Document and Create a Paper Trail
If it is not in writing, it did not happen. Do not rely on casual phone calls with teachers or verbal promises from the principal.
- Save everything: Take screenshots of every single text message, social media post, and comment. Save them to a secure drive. Do not delete them, even if they are painful to look at.
- Keep a log: Write down the date, time, location, and details of every single incident. Note which students were involved and if there were any adult witnesses.
- Confirm conversations: After every meeting or phone call with school staff, send a follow-up email. Use a simple template like: "Thank you for speaking with me today. My understanding of our conversation is that you will investigate [incident] and get back to me by [date] with a safety plan."
Push Beyond the Classroom Level
If the classroom teacher is not resolving the issue, go to the vice-principal. If they fail, go to the principal. If the principal drags their feet, contact your school board superintendent and your local school trustee.
When you write to high-level administrators, use the magic words: Safe Schools Act and Duty of Care.
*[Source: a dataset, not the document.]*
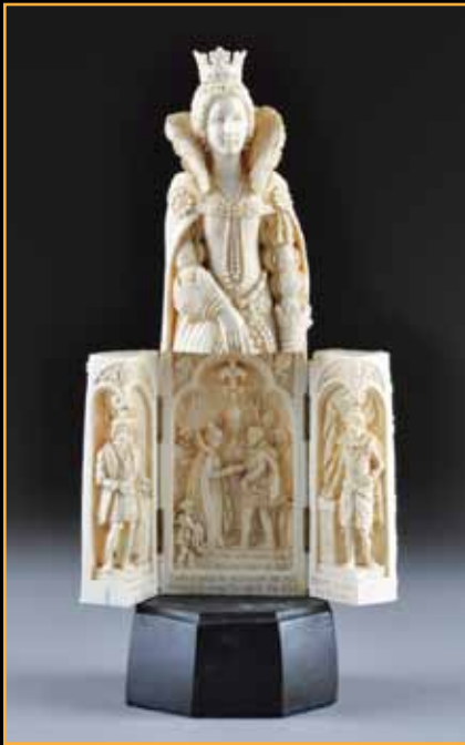
314 A FRENCH CARVED IVORY FIGURE OF MARIE DE MEDICI, POSSIBLY DIEPPE, LATE 19TH CENTURY. Height: 11” Estimate: $2,000.00 - $4,000.00

Schools have a legal obligation to provide a safe learning environment. When you frame your child's bullying not as a "social issue" but as a safety violation that the school is failing to address, you change the nature of the conversation. You are no longer a worried parent asking for a favor. You are a citizen demanding that the school fulfill its legal obligations.
Know Your Legal Rights in Ontario
Under Ontario’s Education Act, school staff are legally required to report any incident that could lead to suspension or expulsion to the principal. This includes physical assault, verbal threats, and cyberbullying.
If the school is ignoring severe harassment, you have options outside the school board:
- Involve the police: If your child is being threatened with violence, or if someone is sharing intimate images without consent, this is a criminal matter. Go to the police. Do not let the principal convince you to handle it internally.
- Consult an education lawyer: If the school board is refusing to accommodate your child or failing to keep them safe, a legal consultation can help you understand your options under administrative and human rights law.
- Request an immediate safety plan: Demand a formal, written safety plan that outlines exactly how your child will be protected during the school day. This should include supervised transitions, designated safe spaces, and clear consequences if the bully approaches your child.
The tragic loss of a student at Bath Public School should be a turning point, not just a catalyst for another round of feedback forms. Surveys do not save lives. Direct, immediate, and uncompromising accountability from school administrators does.
If your child is hurting, do not let the school system brush your concerns aside with bureaucratic excuses. Demand action, document every step, and do not back down until your child is safe.